Forem: Reza Owliaei

Simplifying Code Quality with a Unified Biome Configuration

Reza Owliaei — Tue, 05 Aug 2025 11:37:56 +0000

Tired of juggling ESLint, Prettier, and import sorters just to keep your code clean? You’re not alone.

Modern development shouldn’t be slowed down by a fragmented toolchain.

This post introduces Biome: a fast, modern alternative to the legacy combo of ESLint + Prettier + plugins. With just one tool, one config, and one command, Biome handles formatting, linting, and organizing imports—without the overhead.

This guide is for developers looking to simplify tooling, increase speed, and write consistent code with fewer tools.

What Is Biome?

Biome is a single, unified CLI tool (written in Rust) that replaces:

ESLint + plugins
Prettier
lint-staged and husky scripts
Sorting tools like eslint-plugin-import

It provides:

Formatting
Linting (both bug-catching and style)
Import sorting
Git-aware checks (--staged, --changed, --since)
Fast performance out of the box

You configure it all in one place: biome.json.

Installing Biome

Install Biome using your preferred package manager:

Using Bun

bun add -D -E @biomejs/biome
bunx @biomejs/biome init

Using npm

npm i -D -E @biomejs/biome
npx @biomejs/biome init

This will create a base biome.json config in your project.

Biome in Action

Here are the main commands you’ll use:

biome check – runs formatting, linting, and import sorting together.

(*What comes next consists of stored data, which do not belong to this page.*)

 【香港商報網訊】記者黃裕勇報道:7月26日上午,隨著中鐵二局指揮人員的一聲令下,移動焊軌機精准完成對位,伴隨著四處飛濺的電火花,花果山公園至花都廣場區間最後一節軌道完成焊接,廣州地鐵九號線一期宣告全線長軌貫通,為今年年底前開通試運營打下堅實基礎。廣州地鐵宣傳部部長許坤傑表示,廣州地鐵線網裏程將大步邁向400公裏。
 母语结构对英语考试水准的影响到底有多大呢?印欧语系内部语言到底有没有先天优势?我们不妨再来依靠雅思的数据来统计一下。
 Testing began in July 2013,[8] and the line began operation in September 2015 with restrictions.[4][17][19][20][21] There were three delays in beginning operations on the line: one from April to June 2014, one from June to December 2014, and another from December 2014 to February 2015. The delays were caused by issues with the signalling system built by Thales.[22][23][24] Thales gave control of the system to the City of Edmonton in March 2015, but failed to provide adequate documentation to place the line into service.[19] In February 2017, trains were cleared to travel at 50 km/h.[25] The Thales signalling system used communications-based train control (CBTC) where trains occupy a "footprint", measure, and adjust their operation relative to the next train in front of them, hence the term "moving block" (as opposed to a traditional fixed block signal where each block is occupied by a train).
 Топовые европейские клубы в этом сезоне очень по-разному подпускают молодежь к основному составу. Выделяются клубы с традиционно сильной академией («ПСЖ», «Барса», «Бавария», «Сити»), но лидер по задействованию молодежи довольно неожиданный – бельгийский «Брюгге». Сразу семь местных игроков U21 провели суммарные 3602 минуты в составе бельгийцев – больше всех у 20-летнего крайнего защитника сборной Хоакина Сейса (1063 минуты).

Use --write to apply fixes.
biome format – formats only.
biome lint – lints only.
biome ci – read-only, used in CI pipelines.
Use --staged, --changed, or --since=origin/main with any command to scope it to Git changes.

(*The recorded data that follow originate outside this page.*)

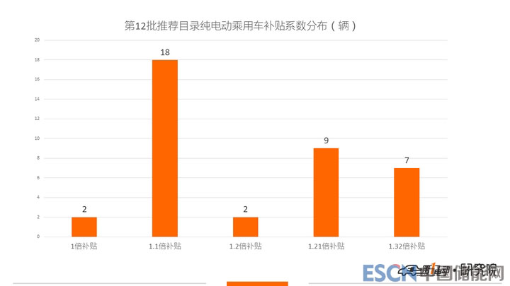 綜合以上,本批目錄38款純電動(dòng)乘用車中,按1倍系數(shù)補(bǔ)貼的車有2款,按1.1倍系數(shù)補(bǔ)貼的有18款,按1*1.2=1.2倍系數(shù)補(bǔ)貼的有2款,按1.1*1.1=1.21倍系數(shù)補(bǔ)貼的有9款,按1.1*1.2=1.32倍系數(shù)補(bǔ)貼的有7款。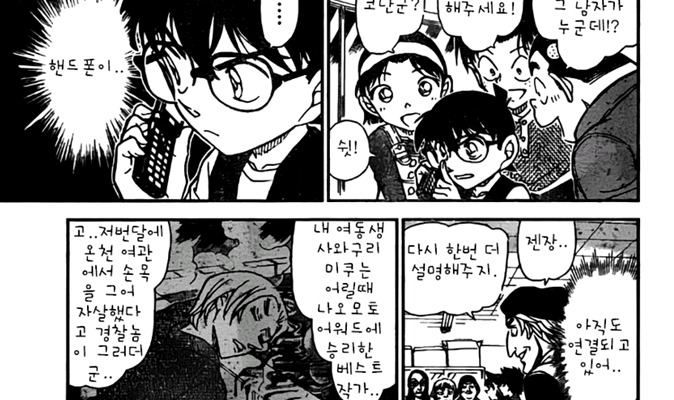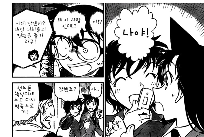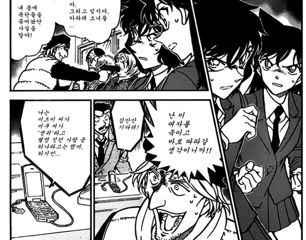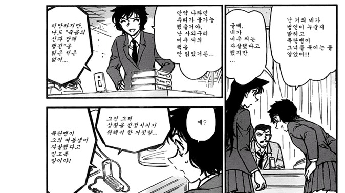 세라마스미는 은근슬쩍 통화버튼을 끄지않고 핸드폰을 책상위에 둡니다 코난이 들을수있도록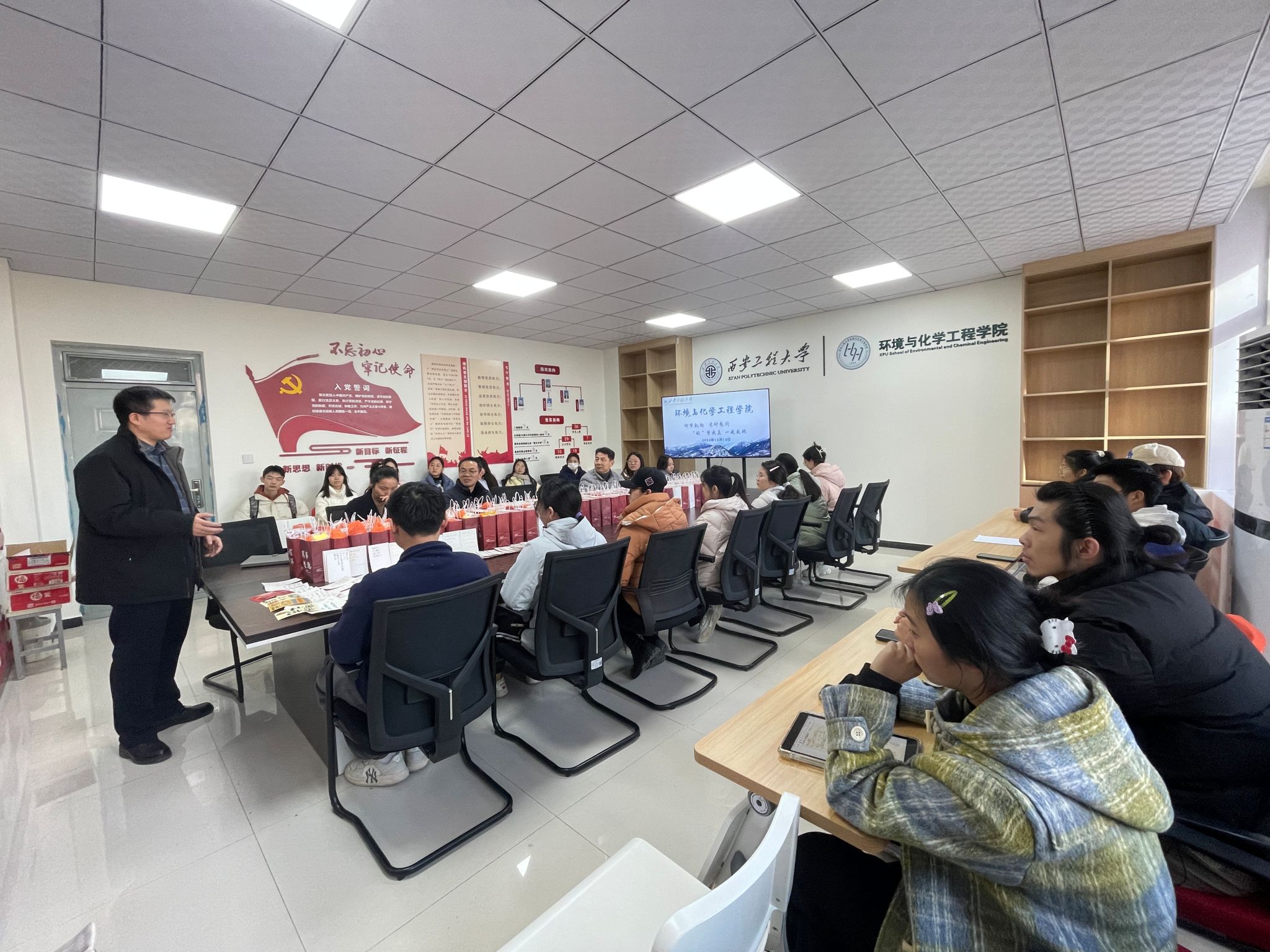 于12月13日在笃行楼236会议室开展2025届考研学子慰问活动。学院党委书记胡西民、院长武占省、党委副书记林定武、学生工作办公室主任朱瑾、毕业班辅导员刘婧及2021级考研学生代表们参与此次活动。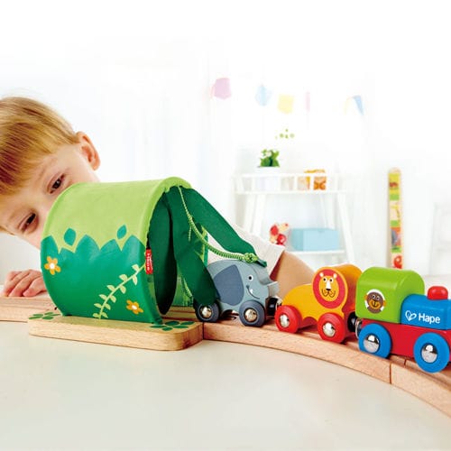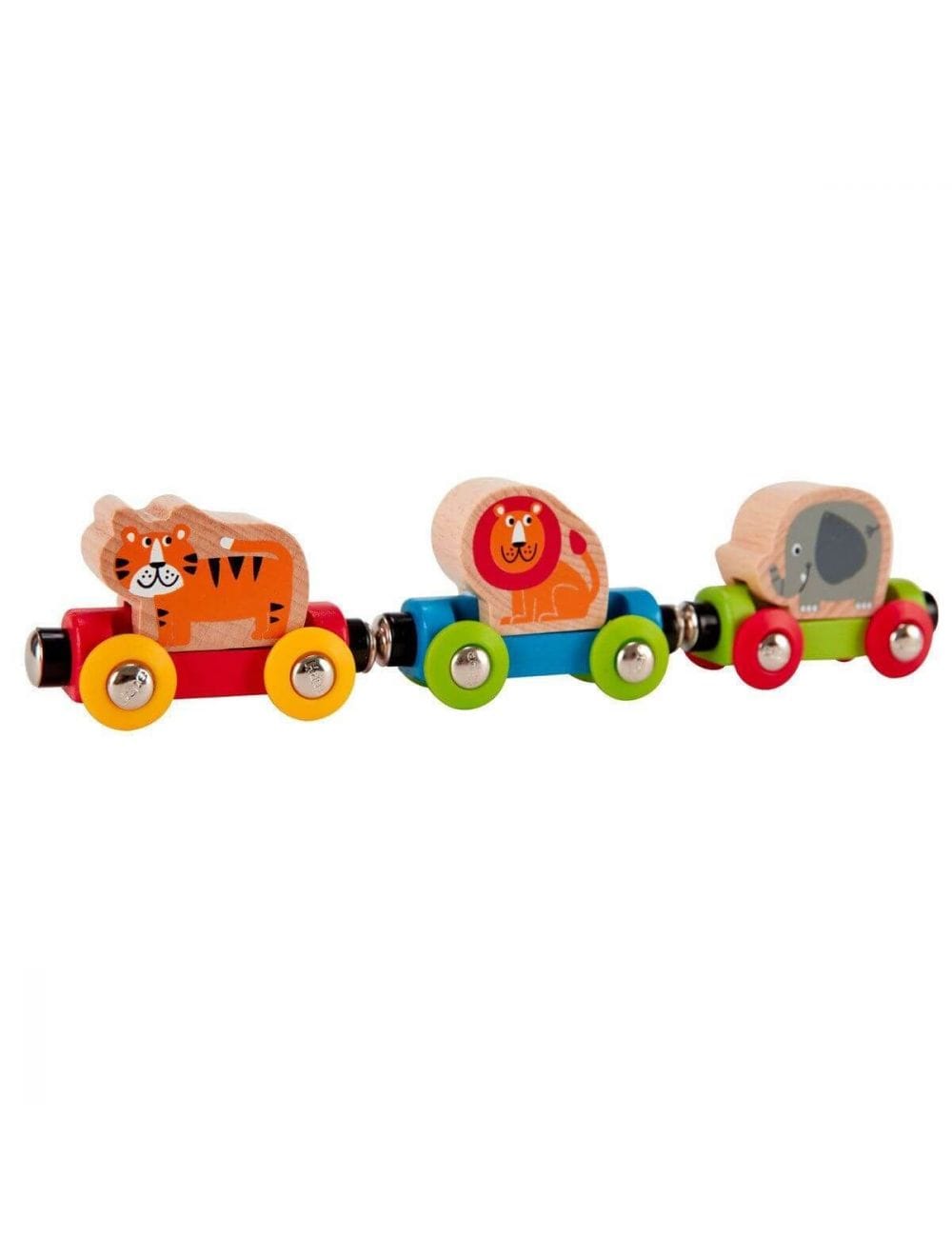 El león, el tigre y el elefante están nerviosos por empezar a vivir una gran aventura. ¡Qué emoción! ¿Está todo listo? Sólo hay que colocar los animales encima de los vagones, juntarlos con el imán y empezar a rodar por toda la casa.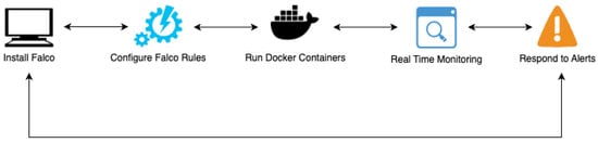 The process flow of the implementation is briefly explained in Figure 4. Dynamic vulnerability analysis complements static analysis by monitoring the runtime behavior of Docker containers. Falco and other tools monitor system calls and activities in real time to detect anomalies, which include unauthorized access or unexpected network connections that would identify and mitigate threats that might be overlooked when using only static analysis.

Why I Chose Biome (Configuration Philosophy)

Biome solves real-world pain points from the old ecosystem:

One tool, zero glue code. No more connecting Prettier to ESLint with plugins and linters to formatters.
Catch real bugs, not nitpicks. Biome includes useful rules like:

noUndeclaredVariables
noDoubleEquals
noAccumulatingSpread

Flexible rule levels. You can mark style rules as warnings and true problems as errors.
Context-aware overrides. Need to allow console.log in tests or default export in Next.js pages? Overrides make that easy.
Modern tooling mindset. Supports monorepos, CI-first workflows, Git-aware scanning, and blazing speed from Rust.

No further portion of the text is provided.